Arizona Meltdown

SI.com’s Peter King wrote a blistering column this morning about Arizona’s “historic choke job.” In typical King style, he treads pretty lightly on poor head coaching decisions. In real time (not just Tuesday morning QB-ing), I was shaking my head at the Cardinals’ coaching decision to close up shop at the Bears’ 23-yard line with two runs. I had seen this kind of scenario before during the ultra-conservative days of Jeff Fisher (pre-2002) — get just within reasonable field goal range and hope for the best. It cost the Titans a Super Bowl in the 2001 playoffs in the game where they manhandled the Ravens but decided to put most of their eggs in the Al Del Greco basket.

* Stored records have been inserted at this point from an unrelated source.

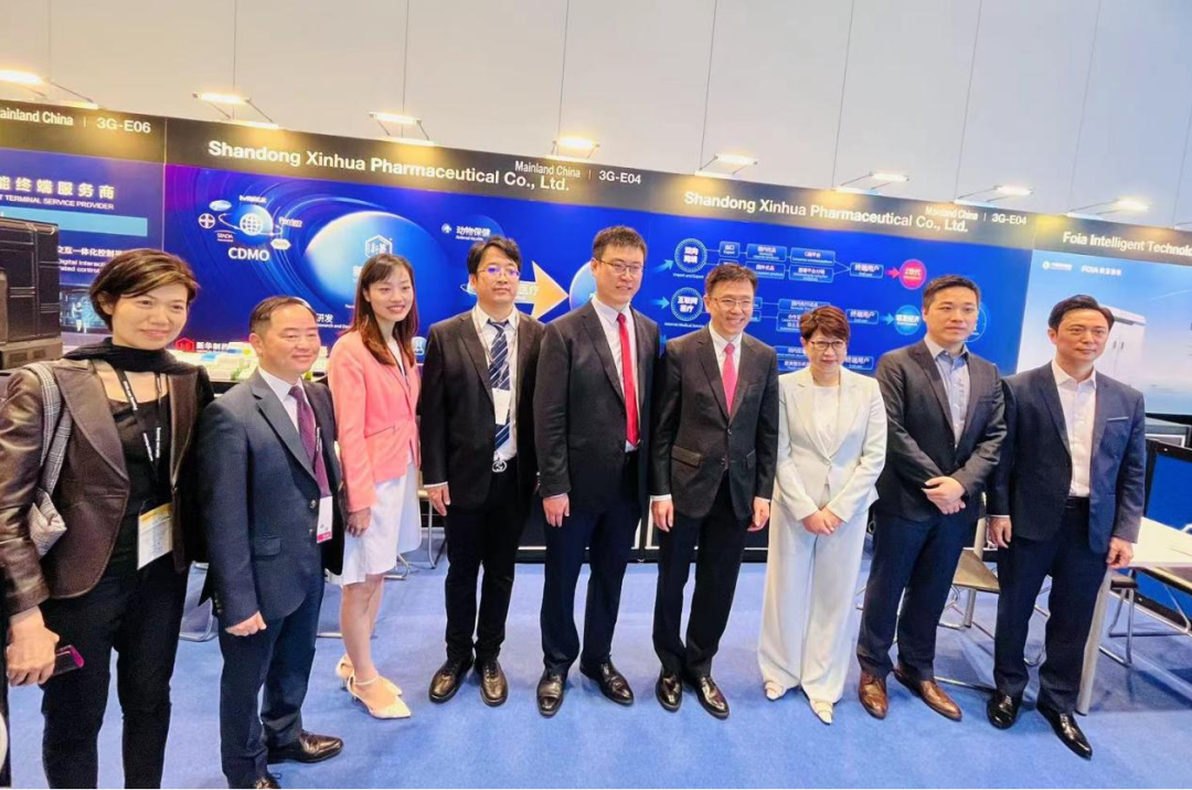 展會期間,山東省科學技術廳副廳長潘軍,齊魯工業大學 (省科學院) 黨委書記王英龍,淄博市科技局黨組書記、局長熊欣等領導蒞臨新華制藥展位進行了參觀指導。潘軍廳長對新華制藥在80年發展歷史中的創新發展,取得的科技創新成果表達了高度評價,希望新華制藥站在醫藥行業的前沿領域,為廣大百姓研制出更多優質藥、放心藥,并肯定了新華健康在“互聯網+醫療健康”和醫美領域的前瞻布局,作為大健康業務的重要板塊,以互聯網和健康產業為推動,必將為新華制藥提供更強的發展動力。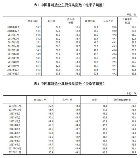人民網(wǎng)北京11月30日電 據(jù)國家統(tǒng)計局網(wǎng)站消息,2017年11月份,中國非制造業(yè)商務活動指數(shù)為54.8%,比上月上升0.5個百分點,持續(xù)位于擴張區(qū)間,非制造業(yè)延續(xù)平穩(wěn)較快的增長態(tài)勢,增速有所加快。kvh安康新聞網(wǎng)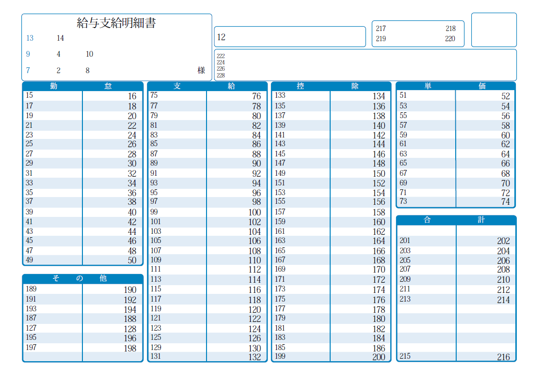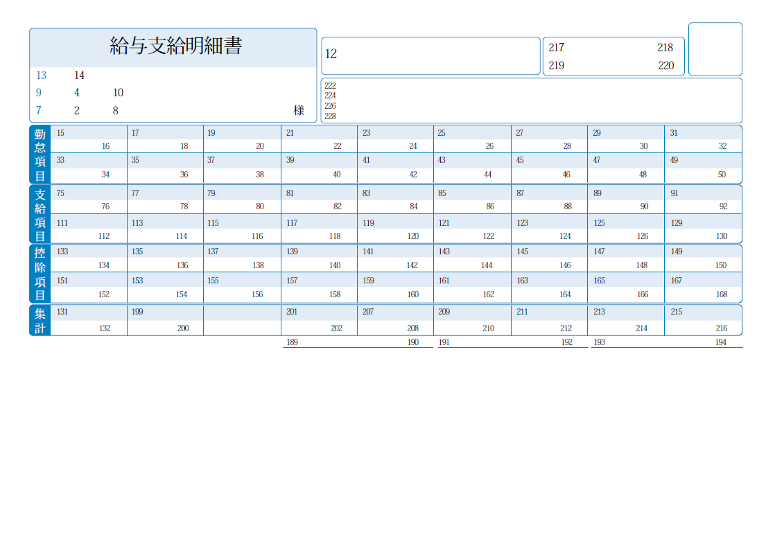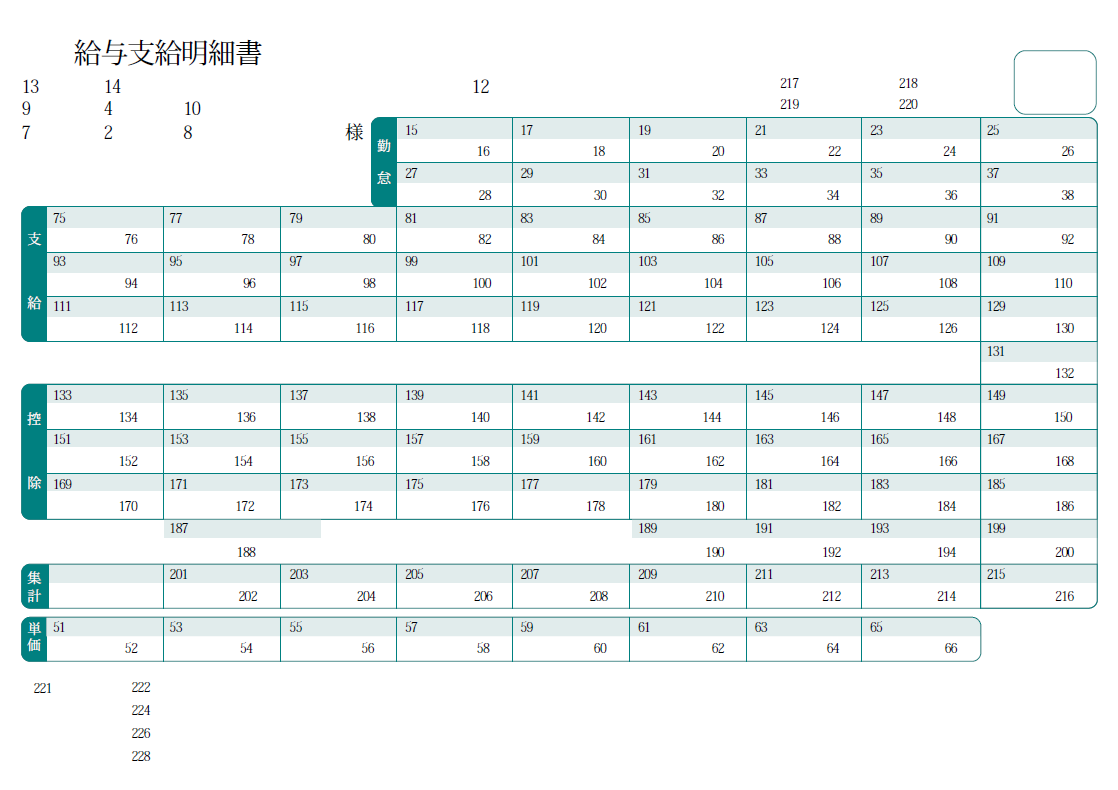 エプソンの給与計算の帳票のレイアウト 明細内の数字は、フィールド番号です。明細内に表示されている数字以外の文字は、固定出力される項目です。 目次 帳票名:支給明細書 (A4 2分割)帳票名:支給明細書 (A4 3分割)帳票名:支給明細書 (B5)帳票名:社員情報確認用ダミー明細書 帳票名:支給明細書 (A4 2分割) 帳票名:支給明細書 (A4 3分割) 帳票名:支給明細書 (B5) 帳票名:社員情報確認用ダミー明細書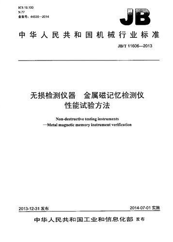 JB/T 11606-2013 無損檢測儀器 金屬磁記憶檢測儀 性能試驗方法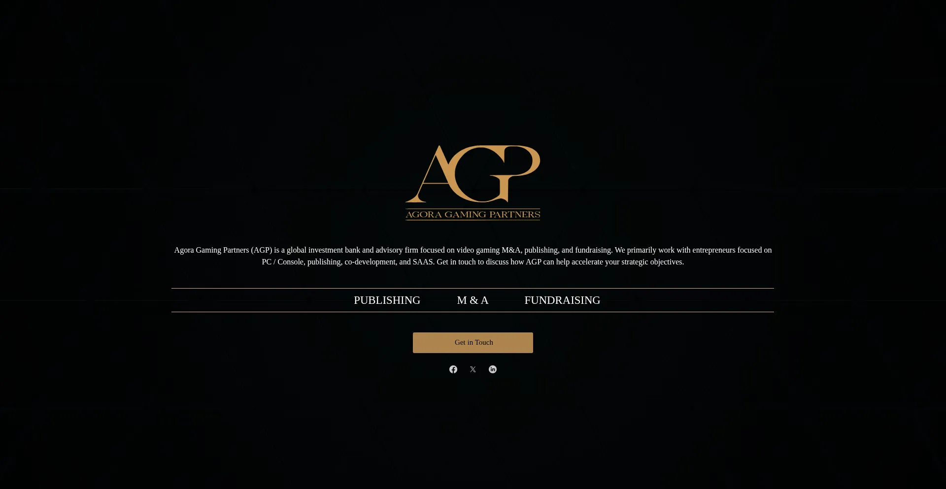 Agora Gaming Partners (AGP) is a global investment bank and advisory firm focused on video gaming M&A, publishing, and fundraising. We primarily work with entrepreneurs focused ...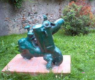 | Keywords: 25 Aprile in Lambretta.jpg scultura in acciaio e conglomerato di pietra dimensione max 155 cm collocata nel giardino Mezzano di Celle Ligure in occasione del 25 Aprile 2005 anniversario della Liberazione dai nazifascisti Celle Ligure 2005 PD-self GFDL Cc-by-sa-3 0-migrated Commento generale del critico sulla scultura di Lupo Rosso La scultura ricerca di soluzioni tecniche e rappresentazione delle emozioni Gran parte delle conversazioni sulla scultura avute con il maestro è stata spesa intorno a problemi relativi alla specifica ricerca di alchimistiche combinazioni tra materiali lapidei oppure sui vizi e le virtù delle pietre naturali le più e le meno pregiate come quelle più o meno lavorabili e ancora su complessi studi per ottenere l ™effetto del bronzo lavorando la pietra e così via Questi racconti avvincenti che spiegano il nucleo della ricerca di Alfonso Gialdini si dirigono poi abitualmente verso l ™affascinante rievocazione della volta in cui riuscì a procurarsi per farci una scultura uno splendido e unico blocco di legno tek -forse l ™albero di un ™antica nave o la trave di una vetusta costruzione- o di quando trovò in natura un piccolo e circoscritto giacimento di pietra da lavorare Il suo ufficio domestico separato dall ™officina in cui scolpisce ricorda un piccolo studiolo rinascimentale dove innumerevoli componenti si uniscono in un insieme unitario e indecifrabile arnesi curiosità fossili miniature fogli disposti ordinatamente in perfetto disordine  Evidentemente dello scultore genovese accanto alla priorità di una vivida umanità emerge il sostrato dei suoi compiuti studi di ingegneria meccanica che lo portano a legare fortemente l ™azione creativa e ideativa in lui libera e sensibilmente emotiva con i meccanismi di controllo e programmazione propri del metodo scientifico Il risultato è sorprendente perché si rivela capace tanto di far comprendere le virtù tecnico-costruttive della scultura quanto di trasportarci con immediatezza nel mondo delle idee e delle emozioni L ™artista investe sia in scultura figurativa sia in opere di ricerca dinamica astrattamente formali scolpisce in sintesi seguendo un ™ispirazione di tipo sintetico-antropomorfo  L ™oggetto principale del suo studio è la rappresentazione della figura femminile proposta in numerose varianti di sensibilità ferina Venere steatopigica di sapore tribale o esile ma monumentale tuffatrice sospesa per aria Ancora fatta tutta di membra calda protettrice dell ™uomo che avvolge con forti abbracci o fiera sostenitrice del primario contributo femminile alla vita quando non ambisce a suonare con il proprio corpo come la cassa armonica del violino L ™alternativa per il maestro sono le teste di cavallo naturalistiche rappresentazioni di colli nervosi negli studi per sé o dinamiche e forti macchine belliche come locomotive in corsa con le redine che diventano bielle cavalli che sono il simbolo della corsa alla liberazione dei popoli bestie forti e docili che stramazzano sacrificandosi di fronte a un ingiusto e violento trattamento del padrone Il Rompighiaccio sul tema-studio delle teste di ariete rappresenta ancora questa tensione potente difficilmente governabile lanciata verso un destino mortale A Genova il maestro dal 1995 mette a disposizione dei degenti dell ™ex ospedale psichiatrico di Quarto i propri mezzi e conoscenze organizzando corsi di scultura all ™interno di un programma di riabilitazione espressiva ottiene particolari successi nel veder migliorare anche attraverso questa esperienza la condizione degli allievi Marco Franzone saggista in storia arte genovese Antifascist resistance in Italy Italian resistance movement Art in Celle Ligure |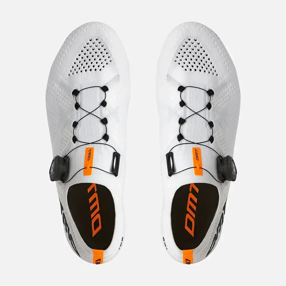 Deze DMT KR1 wielrenschoen is één van de topschoenen uit het assortiment van DMT. Deze hoogwaardige raceschoen doet eigenlijk geen concessies aan pasvorm of comfort. Het uit één stuk vervaardigde en naadloze gebreide bovenwerk zorgt voor een uitstekende ventilatie bij zware inspanning. De schoen heeft een BOA® Fit-systeem met een enkele IP1-draaiknop, zodat de schoen perfect om jouw voet heen past. De zool is gemaakt van een extreem lichtgewicht en stijf carbon. Dit maakt de schoenen uiteraard zeer licht, maar maakt ook de krachtoverbrenging naar de pedalen extreem goed. Voor een perfecte pasvorm en ongekende prestaties zijn deze schoenen ontwikkeld in samenwerking met Elia Viviani.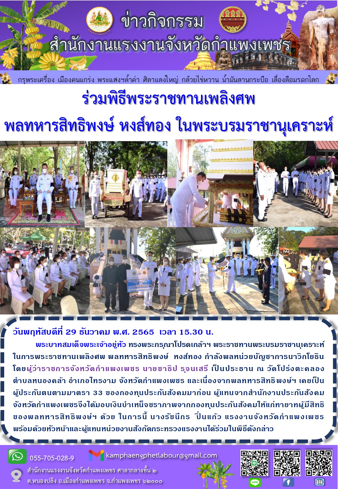 สรจ.กำแพงเพชร ร่วมพิธีพระราชทานเพลิงศพ พลทหารสิทธิพงษ์ หงส์ทอง ในพระบรมราชานุเคราะห์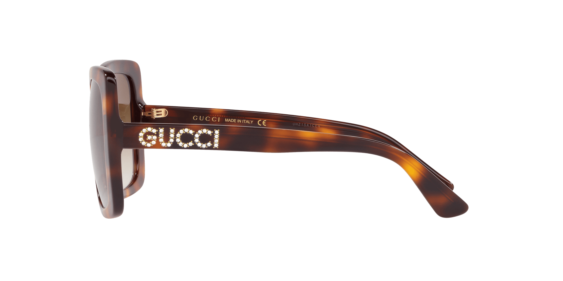 שיק נשי ומתוחכם בסגנון אצטט מרובע לוגו גבישי גוצ'י על הרקות בהשראת קליפסים אופנתיים לשיער משנות ה-80. שחור קלאסי והוואנה אצטט משולבים עם עדשות בגוונים צבעוניים וקלאסיים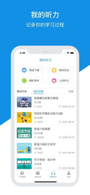 《每日英语听力》是最好用的离线听力软件 - 拥有每天更新的海量听力库,并独家提供智能语音高亮跟随功能 - 与拥有海量词库的《欧路词典》无缝集成,查词典、背单词轻松搞定。 - 全新百科智能提示,让你训练听力的同时不知不觉增加英语词汇量 - 全新FM电台功能,实时流畅收听最新英语节目,锻炼英语听力必备 - 支持 听力上传,听众能在官网上传自己的资源,我们为您制作同步高亮字幕 - 可以和《欧路词典》同步生词本、笔记,学英语必备 【每天更新的海量听力库】 - VOA标准、VOA慢速、NPR新闻每天更新 - 收入海量新概念、GRE、TOEFL听力资源 - 收入海量日常会话训练、名人演讲资源 - 独家支…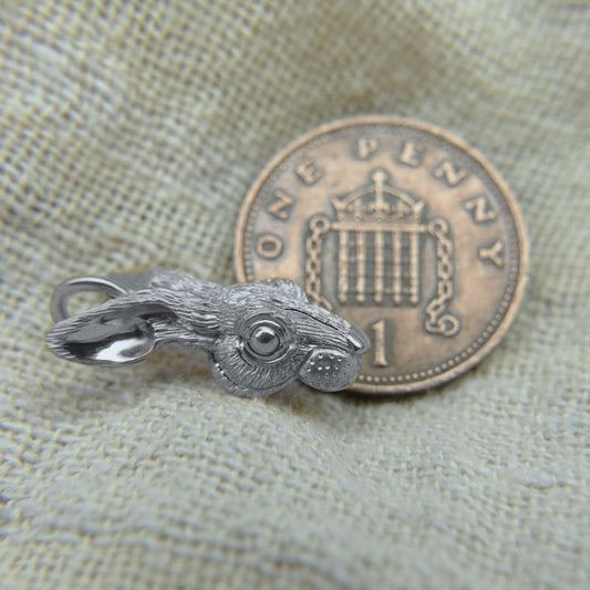 Solid platinum hare pendant and platinum chain. Handmade to order. © Adrian Ashley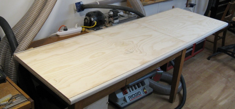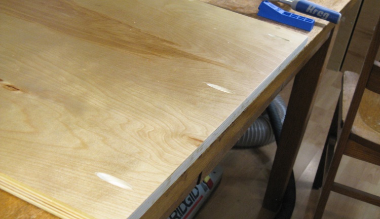 Underside of laminate top with plywood attached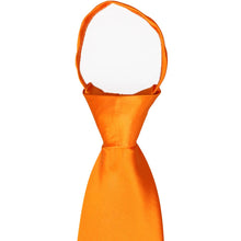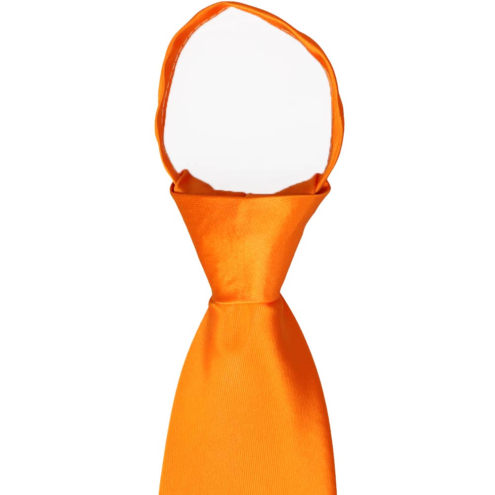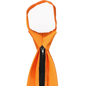 This pre-tied orange zipper tie is an easy alternative to a standard-style necktie. A zipper in the tie tail expands the collar to fit over the head and tighten back to your neck size. It is made from a heavyweight woven material with slight ribbing. Choose from a standard men's 20-inch length or shorter 17-inch length.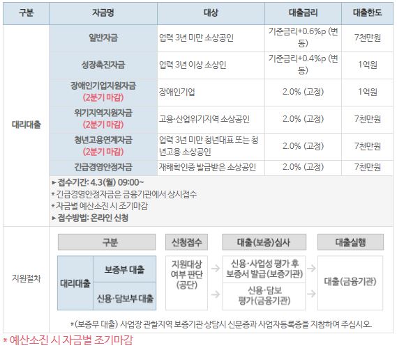 - 대출한도 : 대리대출 총 융자잔액 기준으로 업체당 최고 7천만 원 이내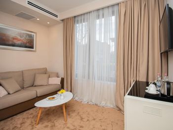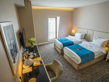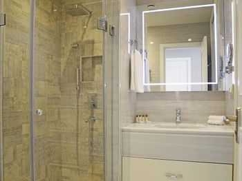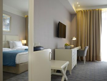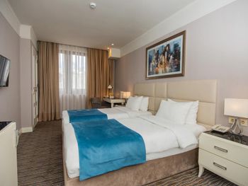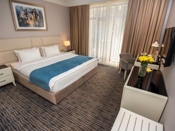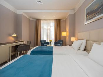 В номере было очень холодно. Обогрев осуществляется с помощью климат-системы, которая работает очень громко. Ночью выспаться не удалось. Очень маленькие номера.
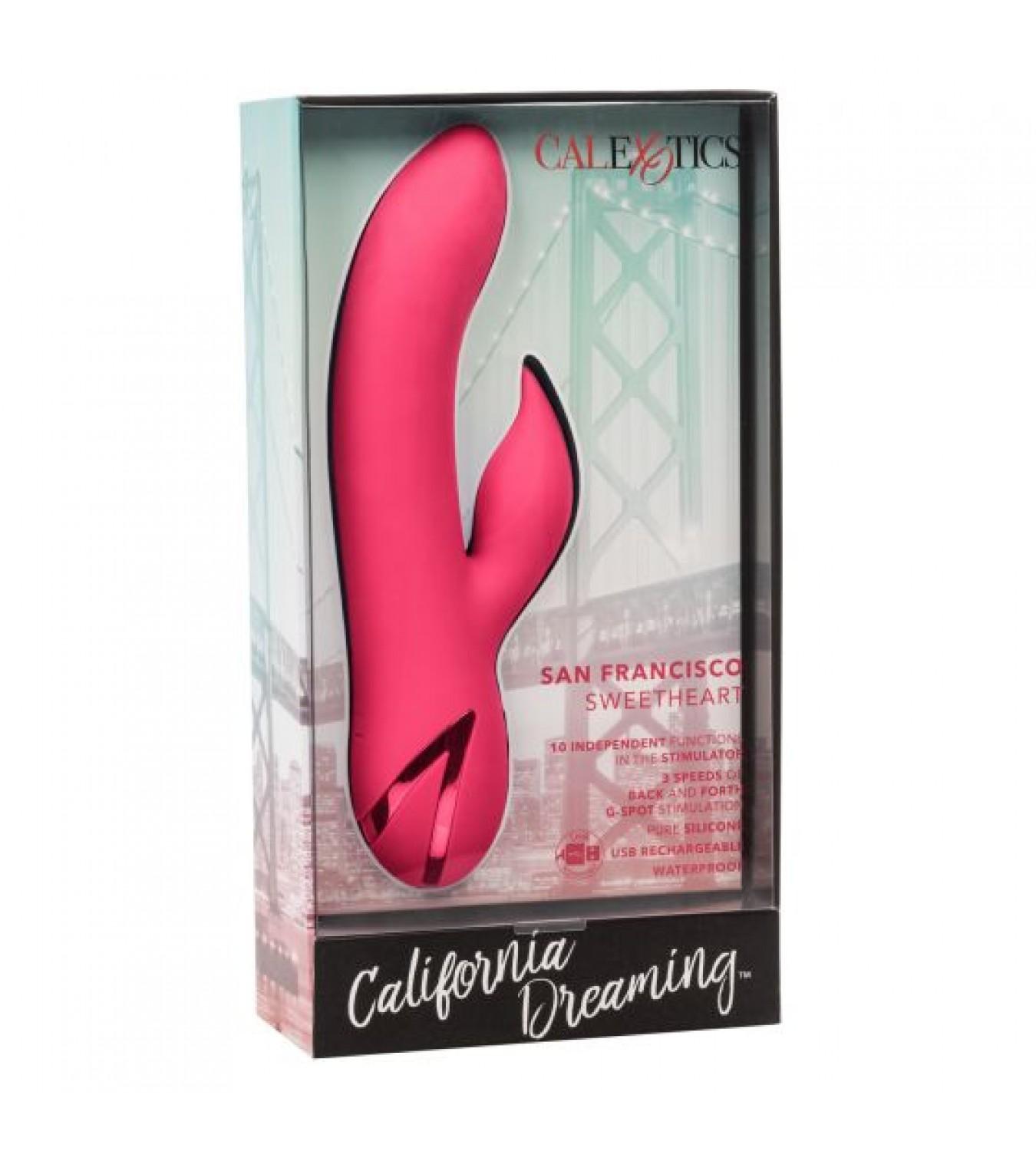 Вибромассажер San Francisco Sweetheart – перезаряжаемый мульти скоростной вибратор кролик из бесшовного материала с дополнительной обработкой. Вагинальный отросток у этой модели имеет изогнутую форму и функцию «манящее движение», предназначенные для более целенаправленного воздействия на точку G. Клиторальный отросток имеет отдельный мощный виброэлемент.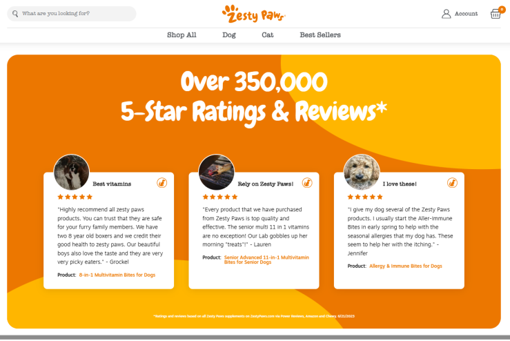 最后,Zesty Paws高度依赖强大的社交证明来建立品牌信任,尤其是在电商平台上。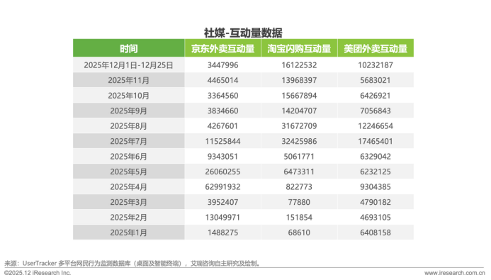 用户声量反映用户对平台的关注度与品牌感知。通过开展2025年全年长周期声量监测,京东、淘宝携带高频营销与高额补贴强势入场后,驱动用户在社媒平台讨论度空前高涨,最后推总测算出基于声量的外卖市场份额预测。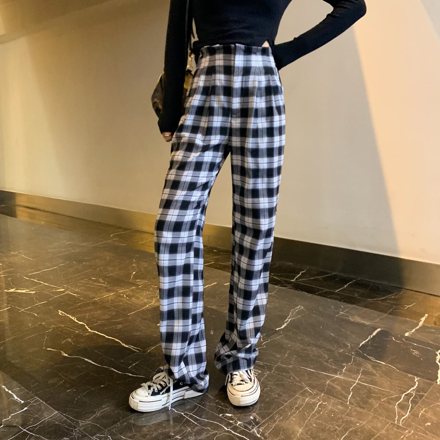 ウェストワイドレッグ格子柄パンツ レディーススプリングサマースタンダードルーズカジュアル レトロ 春物 夏物 ワイドパンツ 6Du_Shop_Women55197391047

This morning, I looked up the FG percentages so far this season. Between 40 and 49 yards, there’s about a 1 in 4 shot at missing not counting the extra, end-of-game pressure. Given that the kick barely exceeded 40 yards, the figure may be closer to 1 in 5. With a few more yards the chances of missing fall way off. In the 30-39 range, it’s just below 1 in 10 and only 1 in 20 for the 20-29 range. While King thinks kicker Neil Rackers “can’t show his face without getting pelted by tomatoes,” the he doesn’t even raise the issue of the barely-get-in-range-and-hope-for-the-best strategy. Instead, King describes the drive as “stalling out” at the 23.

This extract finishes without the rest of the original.